For six hours Jesus had been hanging on the Cross, and now we get a last look at His suffering face. His whole body is drooping and shivering with the last chill. His breath is growing feebler and feebler – until He gives one long, deep, last sigh – “Father into your hands I commit my spirit.”

Jesus was always submitting Himself to God, and when He died, He died just as He had lived. We too are told to “Commit our way unto the Lord; trust also in Him and He shall bring it to pass.” The Christian may (like Stephen in Acts 7) cry with his last breath, “Lord Jesus receive my spirit.”

During the last year of the Civil War, a man paid a visit to the battlefield of Chickamauga, where on the 20th of September, 1863, the Union army was almost destroyed.

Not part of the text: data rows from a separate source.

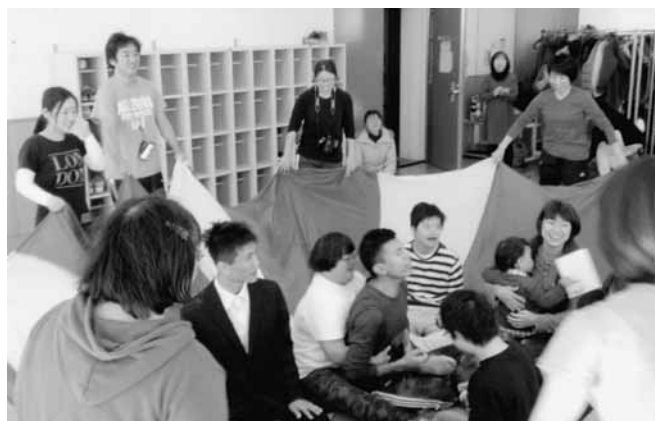
さいたま市ダウン症連絡会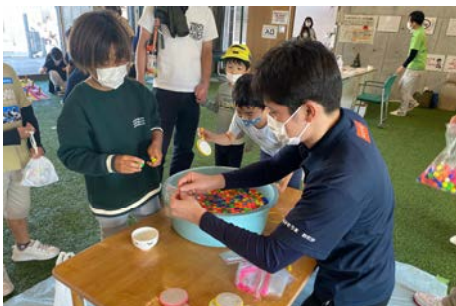
スーパーボールすくい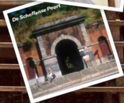
De Schaffense Poort

"De rust van het water in het levendige Diest."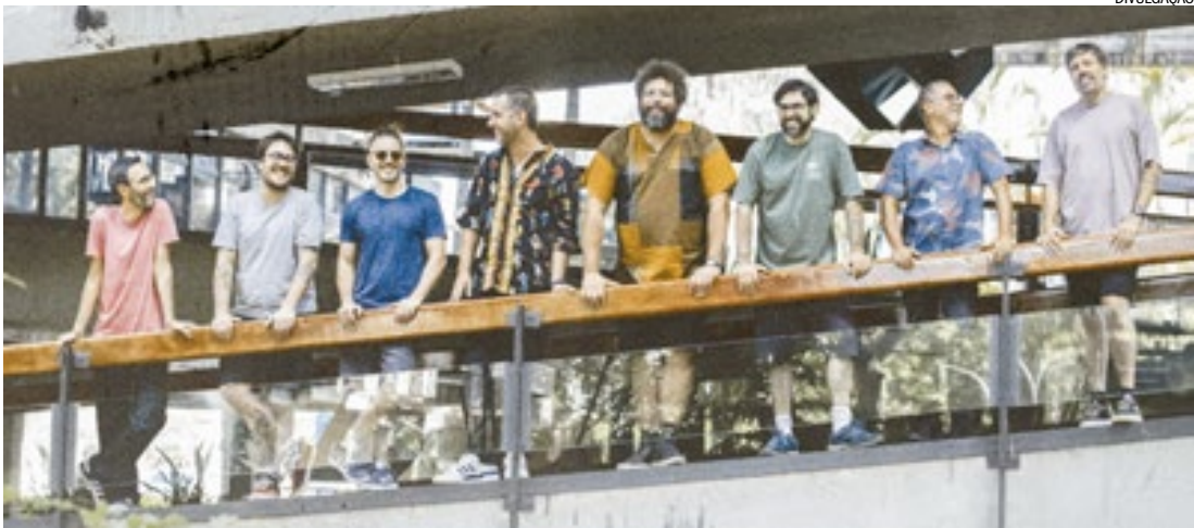
Banda traz para Ribeirão um show de sua turnê de reencontro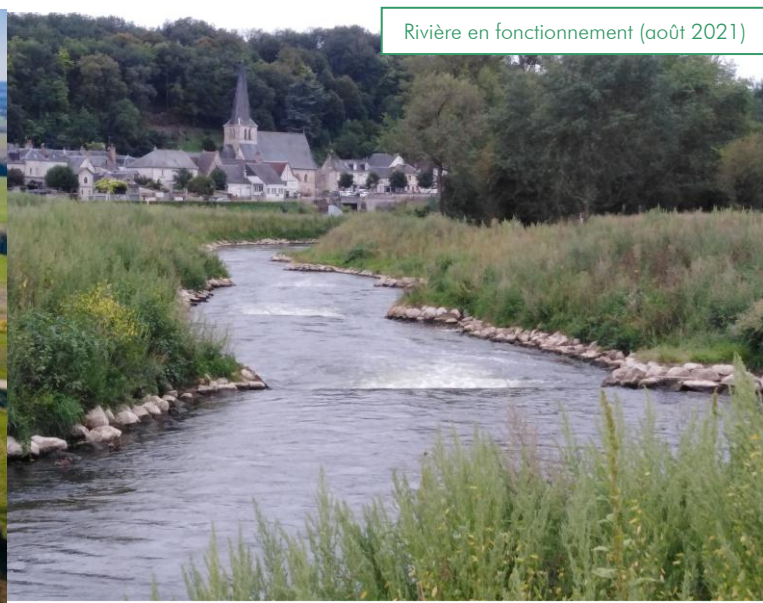
Rivière en fonctionnement (août 2021)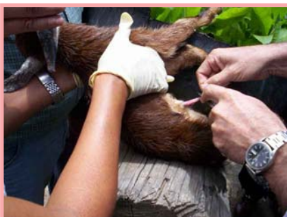
Recuerde curar el ombligo todos los días.

El consumo de calostro asegura la protección al cabrito contra muchas enfermedades ya que actúa como una vacuna que lo protege hasta que se desarrollen sus propias defensas.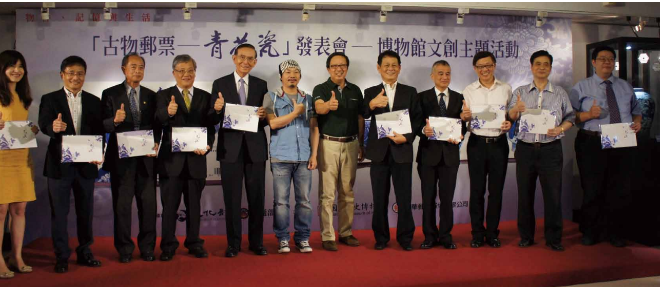
圖 1 「『古物郵票—青花瓷』發表會—博物館文創主題活動」現場慈善拍賣 10 本郵摺善款破百萬

當代博物館藏品不僅是相關學科的基礎研究標的，同時因其獨特的物質性，而被視為具有「加值」作用的文創產業。國立歷史博物館為響應本（2014）年度國際博物館協會（ICOM）年度議題－「以館藏創造連結」（“Museum collections make connections”），特以「物件與記憶」為主題，於本年 9 月份籌劃舉辦二場次「博物館文創主題系列活動」。

The battlefield was not then, as now, a beautiful place with stately monuments rising among the trees. It still bore the scars of battle. Over one of the newly made graves, the visitor saw a man on his knees planting flowers. The visitor said to the man, “Is it a son who is buried there?” And the man said “No it’s not a son” – and he went on to explain why he was there to decorate the grave.

He said that he had been drafted into the Confederate army, but just before he was ready to say “good-bye” to his wife and family and report to the training camp, a young man came to see him and said, “You have a wife and family, and when you are gone, you’ll be unable to support them, whereas I am unmarried and have no one depending on me. Let me go in your place.” The offer was accepted and the young man went off in his place to the training camp. At the Battle of Chickamauga he was mortally wounded. The news of his death had drifted back to the southern home of the man whose place he had taken. And as soon as he had saved enough money, he made the journey to Chickamauga, and there he found the grave of his friend with its crude marker.

 
The visitor was deeply touched by the narrative, and then went on his way over the grim Battlefield. But on the way back, he passed this same grave again. It was now well covered with flowers and on a rough board, at the head of the grave, were carved these four words, “He died for me.”
 
It is these four words that express the great truth centered in the death of Jesus Christ on Calvary.  He died for you.  Scripture says "...all who received him, to those who believed in his name, he gave the right to become children of God."  Then we to can commit our spirit into His hands, and what good hands they are.